Петр: А я слышал, что есть из слоновый кости.
Алексей (вдруг зажигается): А!.. Ты про это? (важно) Ну это уже совсем другой уровень. Это уже – (выделяет букву «о» но делает ударенье на последний слог) Комеди Франсез. (наклоняется к Петру, по секрету, по-шпионски, чтобы никто не слышал) Ты, надеюсь, понимаешь, о чем я?
Петр (с огоньком в глазах, тоже тихо): Типа круто?
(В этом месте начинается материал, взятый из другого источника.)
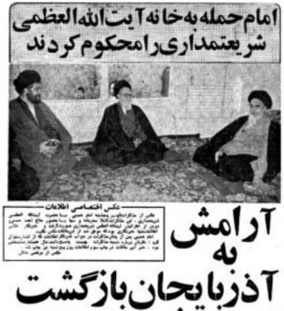
Ettelaat Newspaper, December 8, 1979: "Imam Condemns Attack on Shariatmadari's House - Calm Returns to Azerbaijan."

The station also aired an MPIRP statement demanding a say for Ayatollah Shariatmadari in the nomination of local officials. The statement demanded more rights for Azerbaijani peoples, and that they be granted the same rights as the people of Kurdistan. At the time, following a period of serious unrest the previous summer, the central government was in negotiations with Kurds regarding their demands for autonomy. The statement also called for the prosecution of the Qom attackers and the arrest of those responsible for the bloodshed earlier that day. 67
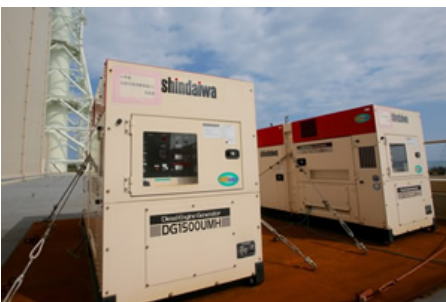
Photo 9. Emergency generators installed at intermediate level of reactor building

Combined ingenuity is at work to maintain reactor cooling under any set of circumstances. Power generators as the source of emergency power in a disaster are placed at the intermediate height of reactor buildings. A gas turbine generator and storehouse for emergency supplies and equipment are under construction 40 meters above sea level on a high ground. Portable power pumps are on-site in the event of power loss during a disaster, and have also been housed on the high ground.
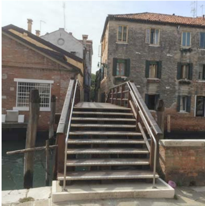
Ponte to Calle della Madonna
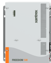
FREEDOM SW INVERTER/CHARGER
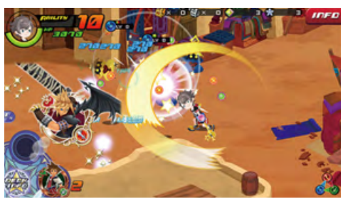
KINGDOM HEARTS Unchained \chi ©Disney Developed by SQUARE ENIX
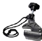
Hand Free Clamp 0604065
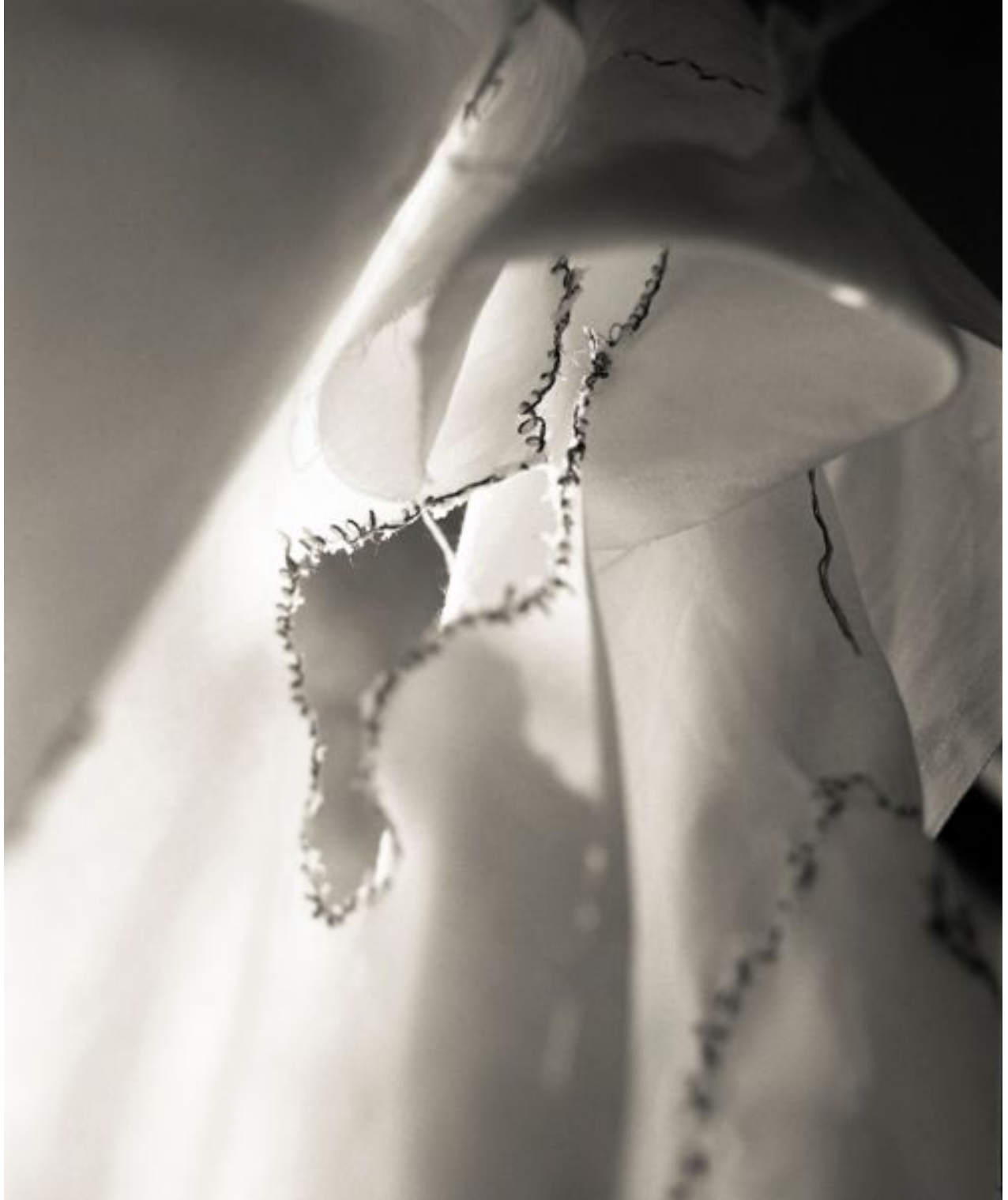
Figure 5 Untitled
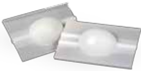
Microfluidic mixers printed in VisiJet SL Flex
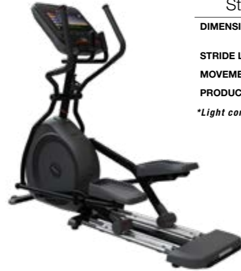
Star Trac Cross Trainer 4CT
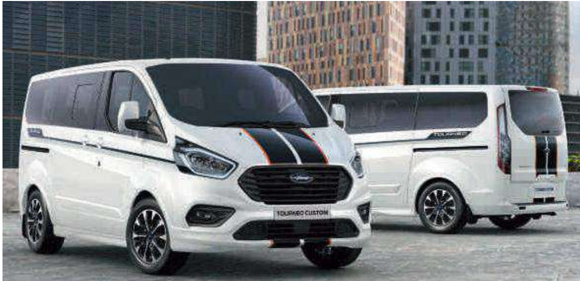
Model shown is a Tourneo Custom Sport L1 in Frozen White solid body colour and High Intensity Discharge headlights (option).
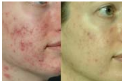
3 treatments with the Blu-U and ALA, with 3 weeks in between each treatment

ridges. Follow this with the Blue Light. After treatment patients may experience some temporary reddening. Some patients experience minimal swelling in the treated area. Generally the redness subsides 4 weeks after treatment and swelling dissipates after 1-2 days. The therapeutic effect occurs as early as four weeks after treatment, compared to eight to twelve weeks after drug therapy. Schedule your consultation with Aesthetic Solutions today! (919) 403-6200.
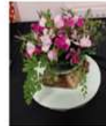
Linda Turner - 8 pts
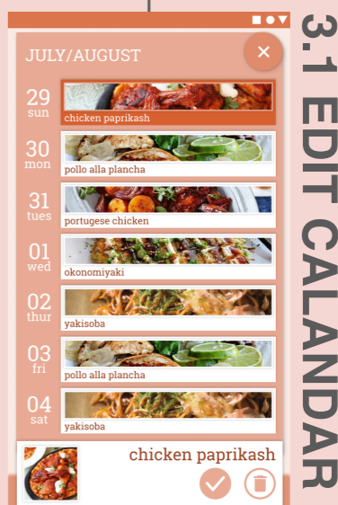
3.1 EDIT CALENDAR
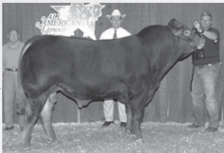
SVL POLLED EXCLUSIVE 412T | Maternal grandsire of Lot 6
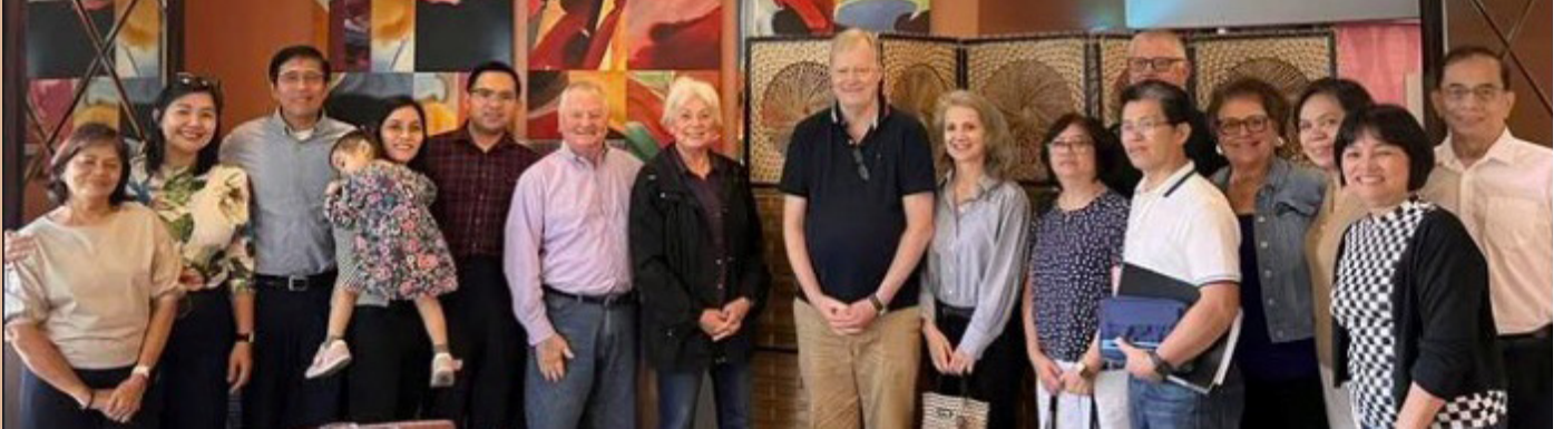
Pastoral Development Program 2024 Philippines

Алексей (тоже очень тихо, совсем шёпотом): Типа – тоже самое.
Пауза
Петр (смотрит на шахматы, озадаченно): Но фигуры двигаться… Ну вот пешка не может же ходит офицером или ферзём, да и ферзь не пляшет по доске? Есть же правило, которые нельзя нарушать. А где же туту полёт творчества?
Алексей (вдыхает, объясняет): Ну вот я тут сижу и сдаю партию за партией, а есть Александр Алехин, который умер не побеждённым. Впрочем, аналоги, иногда бывают натянуты. Да и ферзь раньше ходил на одну клетку, а не по всему полю бегал. (извинительным тоном) Я правда устал.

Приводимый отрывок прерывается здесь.